Aucune des sources consultées ne fait état d’une déclaration du suspect ou de son conseil. La police n’a communiqué ni sur d’éventuels antécédents, ni sur sa profession ou son lieu de résidence.
Ce que risque le suspect
Le code pénal israélien sanctionne spécifiquement les actes motivés par le racisme ou l’hostilité envers un groupe en raison de sa religion, de son origine ou de son orientation, avec une circonstance aggravante qui peut alourdir la peine principale. C’est ce dispositif que la mention d’un « mobile nationaliste » est susceptible d’enclencher - si le parquet retient cette qualification.
« Nous suivrons avec attention la procédure judiciaire au civil comme au pénal [40] », prévient le frère Poquillon. La formule annonce que l’EBAF se tiendra prête à mesurer publiquement l’écart entre la qualification opérationnelle initiale et la qualification finale.
Le mont Sion, le Cénacle, la pierre
L’agression s’est produite devant le Cénacle, un bâtiment du mont Sion considéré comme saint par les chrétiens et les juifs [41]. Pour les juifs, c’est le lieu de sépulture du roi David [42]. Lieu de tension ancienne. Lieu de cohabitation aussi.
« De la christianophobie »
Le frère Poquillon ne mâche pas ses mots. « De la christianophobie, oui. On a une vraie préoccupation face à des dérives qui nous semblent être impunies [43] », déclare-t-il à France Inter [11]. Et il pointe le sommet: « Il est certain que le fait que le Premier ministre dépende d’une coalition qui comprend des éléments assez extrêmes, certains acteurs peuvent se sentir autorisés à transgresser toutes les règles qu’une société un temps s’est donnée [44]. »
Le sionisme religieux extrême, et ses échos politiques
Selon France Inter, le suspect appartient « à la frange la plus extrême du sionisme religieux, le mouvement des alliés de Benyamin Netanyahou [45] ». Derrière l’expression, un courant identifié dans la littérature spécialisée: le sionisme religieux radical, dont l’aile la plus dure inclut des cercles ultra-orthodoxes nationaux-religieux. C’est précisément ce courant que pointe le rapport 2024 du Rossing Center: les passages à l’acte antichrétiens sont, écrit-il, « souvent motivés par un mélange de ferveur nationaliste et d’extrémisme religieux [46] », et leurs auteurs sont majoritairement « de jeunes juifs ultra-orthodoxes appartenant à des cercles d’extrémisme religieux-nationaliste [47] ».

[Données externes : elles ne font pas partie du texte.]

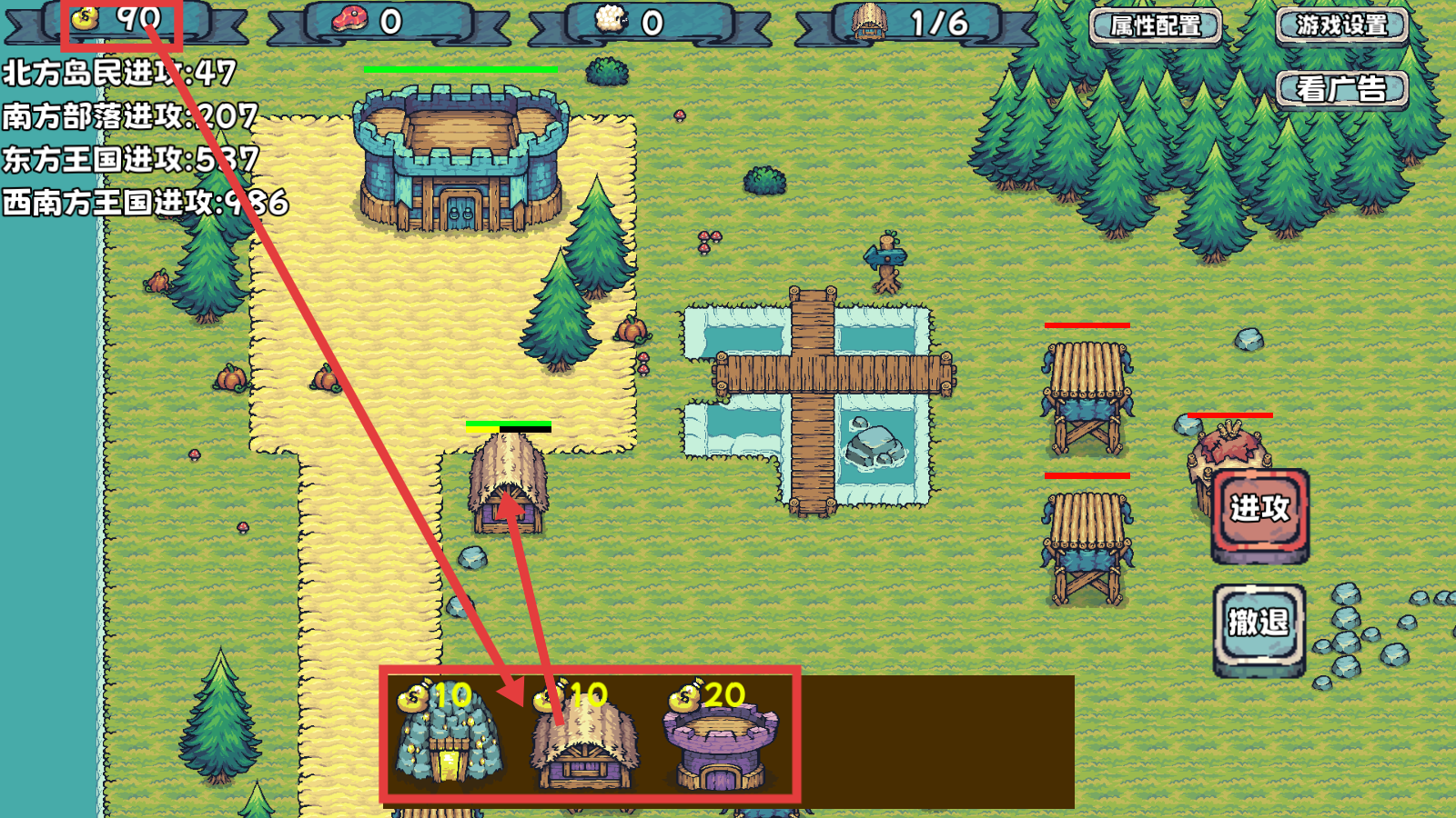 2、使用初始金币(如【90】),建造标价【10】或【20】的建筑,搭建防御体系或提升资源产出。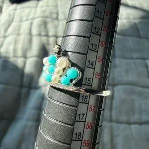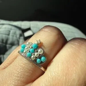 NEW! Pretty Bird Jewelry Turquoise and Faux Pearl Crown Ring

Ce courant dispose de relais directs au gouvernement. La coalition de Benyamin Netanyahou comprend Bezalel Smotrich, ministre israélien [48], et Itamar Ben-Gvir, ministre israélien [49]. Aucun des deux n’a, bien sûr, ordonné l’agression du 28 avril. Mais c’est cette porosité - entre une frange militante de la rue et une représentation gouvernementale assumée - que vise le frère Poquillon quand il évoque des « acteurs » qui « se sentent autorisés à transgresser ». Le climat, lui, est documenté.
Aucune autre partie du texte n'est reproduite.